# WORK TASK
Copy the lines below word for word, skipping any image.

# DATASET CONTENT
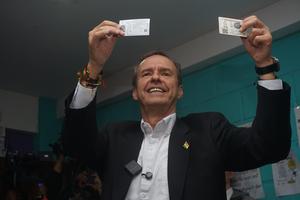 (251019) -- LA PAZ, 19 octubre, 2025 (Xinhua) -- El candidato a la Presidencia de Bolivia por el partido Alianza Libre, Jorge "Tuto" Quiroga, muestra su carnet electoral después de emitir su voto en un colegio electoral, en la ciudad de La Paz, Bolivia, el 19 de octubre de 2025. Bolivia abrió el domingo a las 08:00 hora local las mesas de sufragio para iniciar la votación en histórica segunda vuelta presidencial con el fin de elegir a sus nuevos gobernantes, con ocho horas de votación y 7.567.207 de ciudadanos habilitados en el país y 369.931 en 22 naciones en el exterior. (Xinhua/Javier Mamani) (jm) (ah) (da)
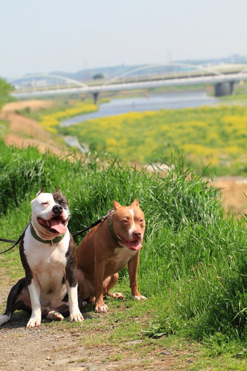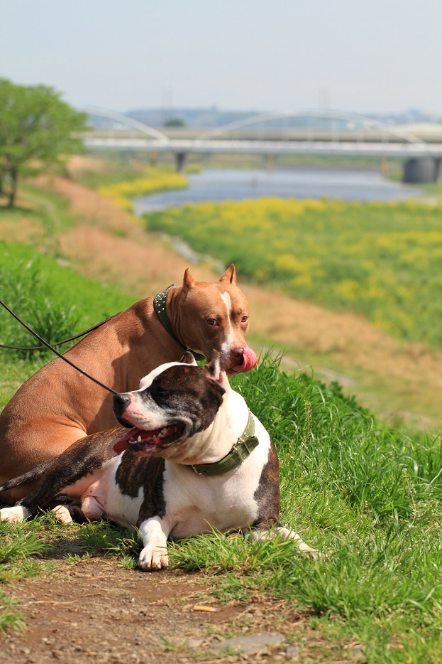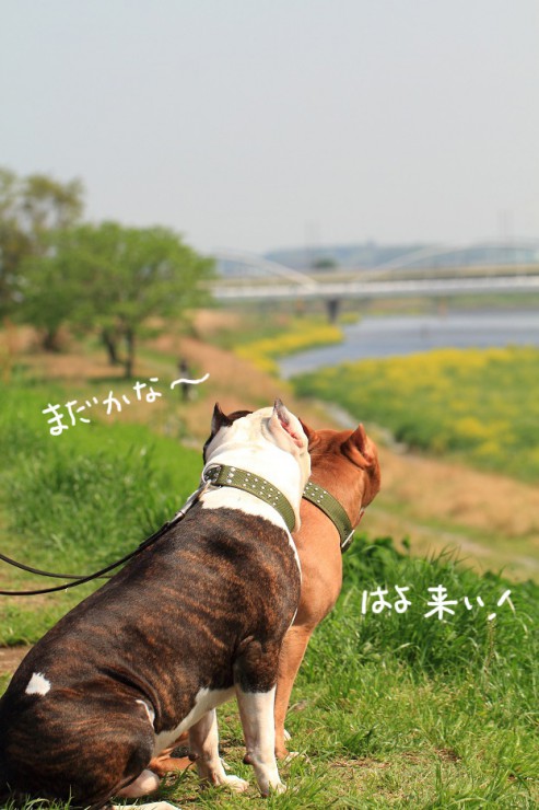 待ちに待った連休の初日は、犬達を連れてボール遊び♪
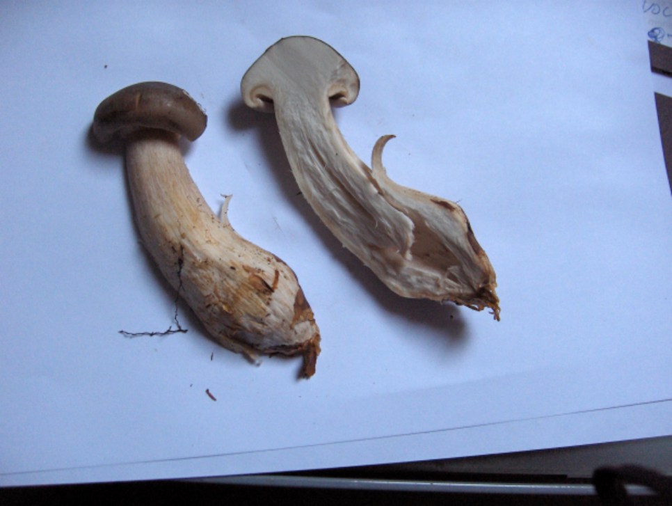 Hutfarbe Braun, Hutoberfläche trocken und glatt, Hutdurchmesser 3,5cm, Huttiefe 2cm, Hutrand stark nach unten gezogen.
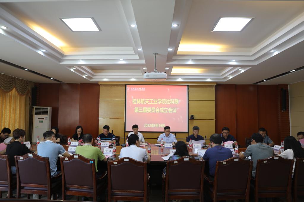 9月16日下午,伟德bv1946官网社科联第三届委员会成立会在学校南校区飞天楼517会议室召开,学校科技处处长、社科联常务副主席魏星主持会议。桂林市社科联党组书记、主席隆斌参加会议并作重要讲话。学校党委常委、党办校办主任、宣传部部长杨永昌在会上致辞并宣读委员会成立通知文件。学校副校长孙山林当选为伟德bv1946官网社科联第三届委员会主席。

# ANSWER TO THIS TASK
 (251019) -- LA PAZ, 19 octubre, 2025 (Xinhua) -- El candidato a la Presidencia de Bolivia por el partido Alianza Libre, Jorge "Tuto" Quiroga, muestra su carnet electoral después de emitir su voto en un colegio electoral, en la ciudad de La Paz, Bolivia, el 19 de octubre de 2025. Bolivia abrió el domingo a las 08:00 hora local las mesas de sufragio para iniciar la votación en histórica segunda vuelta presidencial con el fin de elegir a sus nuevos gobernantes, con ocho horas de votación y 7.567.207 de ciudadanos habilitados en el país y 369.931 en 22 naciones en el exterior. (Xinhua/Javier Mamani) (jm) (ah) (da)
 待ちに待った連休の初日は、犬達を連れてボール遊び♪
 Hutfarbe Braun, Hutoberfläche trocken und glatt, Hutdurchmesser 3,5cm, Huttiefe 2cm, Hutrand stark nach unten gezogen.
 9月16日下午,伟德bv1946官网社科联第三届委员会成立会在学校南校区飞天楼517会议室召开,学校科技处处长、社科联常务副主席魏星主持会议。桂林市社科联党组书记、主席隆斌参加会议并作重要讲话。学校党委常委、党办校办主任、宣传部部长杨永昌在会上致辞并宣读委员会成立通知文件。学校副校长孙山林当选为伟德bv1946官网社科联第三届委员会主席。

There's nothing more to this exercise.